Work request = Repeat all the records exactly, omitting pictures.

Data provided =
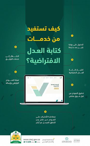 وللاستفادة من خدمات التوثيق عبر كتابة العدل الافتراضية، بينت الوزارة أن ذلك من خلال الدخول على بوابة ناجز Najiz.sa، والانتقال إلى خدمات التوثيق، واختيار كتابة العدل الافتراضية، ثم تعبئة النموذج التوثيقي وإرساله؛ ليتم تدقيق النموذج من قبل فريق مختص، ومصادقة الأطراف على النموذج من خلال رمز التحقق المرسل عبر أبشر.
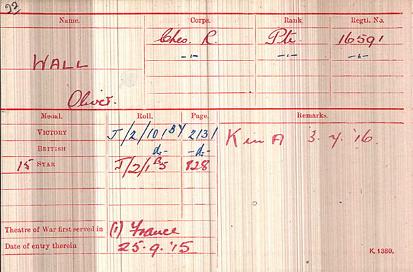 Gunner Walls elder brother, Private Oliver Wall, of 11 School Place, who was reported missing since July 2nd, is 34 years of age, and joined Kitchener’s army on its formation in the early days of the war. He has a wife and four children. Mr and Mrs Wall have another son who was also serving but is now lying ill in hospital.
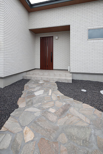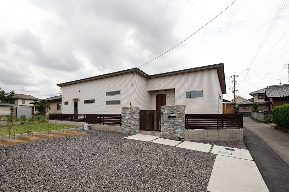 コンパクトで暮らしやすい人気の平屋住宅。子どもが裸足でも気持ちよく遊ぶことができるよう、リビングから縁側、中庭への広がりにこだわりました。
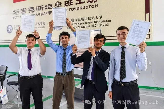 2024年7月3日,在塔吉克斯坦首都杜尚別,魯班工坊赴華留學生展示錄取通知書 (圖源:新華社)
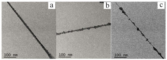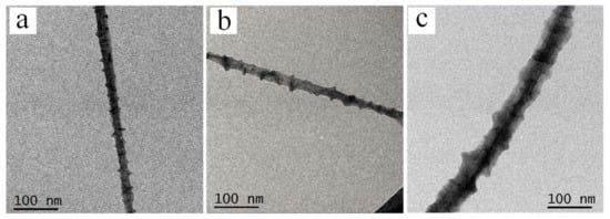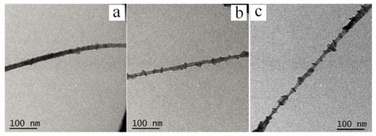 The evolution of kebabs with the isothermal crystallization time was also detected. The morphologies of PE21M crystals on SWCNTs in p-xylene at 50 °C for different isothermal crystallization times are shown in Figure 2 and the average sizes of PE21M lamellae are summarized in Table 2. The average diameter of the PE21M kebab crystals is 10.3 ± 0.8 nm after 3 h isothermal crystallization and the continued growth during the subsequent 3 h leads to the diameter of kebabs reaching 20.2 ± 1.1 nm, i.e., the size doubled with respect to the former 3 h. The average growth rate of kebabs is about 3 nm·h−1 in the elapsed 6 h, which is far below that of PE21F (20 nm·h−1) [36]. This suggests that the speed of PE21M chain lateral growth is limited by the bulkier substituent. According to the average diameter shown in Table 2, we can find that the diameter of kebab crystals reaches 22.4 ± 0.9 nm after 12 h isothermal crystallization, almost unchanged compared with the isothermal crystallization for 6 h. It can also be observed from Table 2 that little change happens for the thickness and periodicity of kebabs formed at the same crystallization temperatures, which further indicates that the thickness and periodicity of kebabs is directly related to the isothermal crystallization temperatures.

Your solution =
 وللاستفادة من خدمات التوثيق عبر كتابة العدل الافتراضية، بينت الوزارة أن ذلك من خلال الدخول على بوابة ناجز Najiz.sa، والانتقال إلى خدمات التوثيق، واختيار كتابة العدل الافتراضية، ثم تعبئة النموذج التوثيقي وإرساله؛ ليتم تدقيق النموذج من قبل فريق مختص، ومصادقة الأطراف على النموذج من خلال رمز التحقق المرسل عبر أبشر.
 Gunner Walls elder brother, Private Oliver Wall, of 11 School Place, who was reported missing since July 2nd, is 34 years of age, and joined Kitchener’s army on its formation in the early days of the war. He has a wife and four children. Mr and Mrs Wall have another son who was also serving but is now lying ill in hospital.
 コンパクトで暮らしやすい人気の平屋住宅。子どもが裸足でも気持ちよく遊ぶことができるよう、リビングから縁側、中庭への広がりにこだわりました。
 2024年7月3日,在塔吉克斯坦首都杜尚別,魯班工坊赴華留學生展示錄取通知書 (圖源:新華社)
 The evolution of kebabs with the isothermal crystallization time was also detected. The morphologies of PE21M crystals on SWCNTs in p-xylene at 50 °C for different isothermal crystallization times are shown in Figure 2 and the average sizes of PE21M lamellae are summarized in Table 2. The average diameter of the PE21M kebab crystals is 10.3 ± 0.8 nm after 3 h isothermal crystallization and the continued growth during the subsequent 3 h leads to the diameter of kebabs reaching 20.2 ± 1.1 nm, i.e., the size doubled with respect to the former 3 h. The average growth rate of kebabs is about 3 nm·h−1 in the elapsed 6 h, which is far below that of PE21F (20 nm·h−1) [36]. This suggests that the speed of PE21M chain lateral growth is limited by the bulkier substituent. According to the average diameter shown in Table 2, we can find that the diameter of kebab crystals reaches 22.4 ± 0.9 nm after 12 h isothermal crystallization, almost unchanged compared with the isothermal crystallization for 6 h. It can also be observed from Table 2 that little change happens for the thickness and periodicity of kebabs formed at the same crystallization temperatures, which further indicates that the thickness and periodicity of kebabs is directly related to the isothermal crystallization temperatures.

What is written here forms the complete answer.